Rostow/München - 41 Stunden dauerte der Trip der Bayern in den Süden Russlands, 2100 Kilometer Luftlinie - one way. Es wurde ein gebrauchter Ausflug in die 1,1-Millionen-Einwohner-Stadt, dem Tor zum Kaukasus.

Knackiger Frost, und noch mehr Frust. Mit 2:3 verloren die Bayern sensationell beim FK Rostow, dem Tabellen-Sechster der russischen Premier Liga. Die Treffer von Douglas Costa (35.) und Juan Bernat (52.) reichten nicht.

Zwei Pflichtspielpleiten hintereinander in einer Vorrunde gab es zuletzt 2004 unter Felix Magath. 0:1 in Dortmund, zuvor nur 1:1 gegen Hoffenheim, Tabellenführung an Aufsteiger Leipzig verloren - leise rieselt die Krise.

„Als FC Bayern muss man hier gewinnen.
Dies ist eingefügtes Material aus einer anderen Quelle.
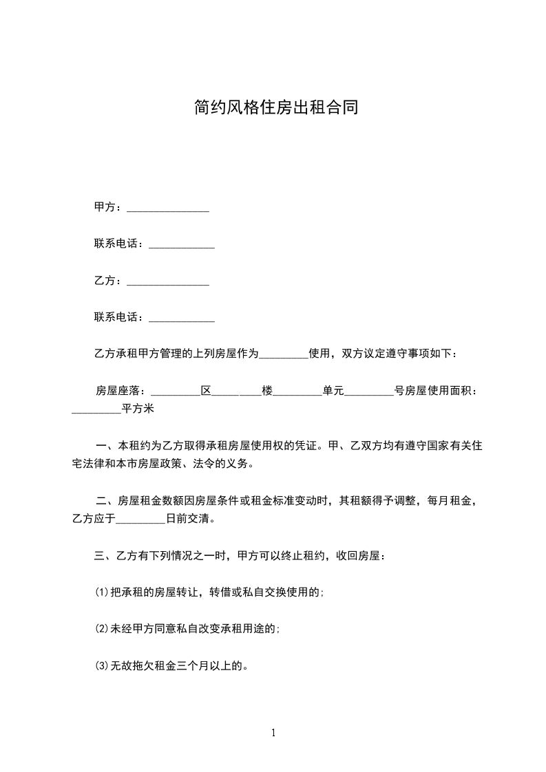 三、乙方有下列情况之一时,甲方可以终止租约,收回房屋:

Egal bei welchen Temperaturen, egal wie der Platz war“, schimpfte Kapitän Philipp Lahm bei „Sky“ und kritisierte: „Aktuell sind wir etwas sorglos.“

Ohne fünf Stammspieler

Ein Arbeitssieg war das Ziel. Auch ohne fünf Stammspieler. Torhüter Manuel Neuer, Arturo Vidal (beide angeschlagen), Arjen Robben, Javi Martínez (beide im Rehatraining) und Kingsley Coman (verletzt) blieben in München.

Hätten zumindest Neuer und Vidal bei einem wirklich wichtigen Spiel dabei sein können? Dass Vorstandsboss Karl-Heinz Rummenigge die Partie in Russland schon vor Anpfiff abwertete („Das wichtige Spiel diese Woche, das sage ich ohne jegliche Übertreibung, findet am Samstag gegen Leverkusen statt“) hat sicher einige Prozentpunkte Motivation gekostet.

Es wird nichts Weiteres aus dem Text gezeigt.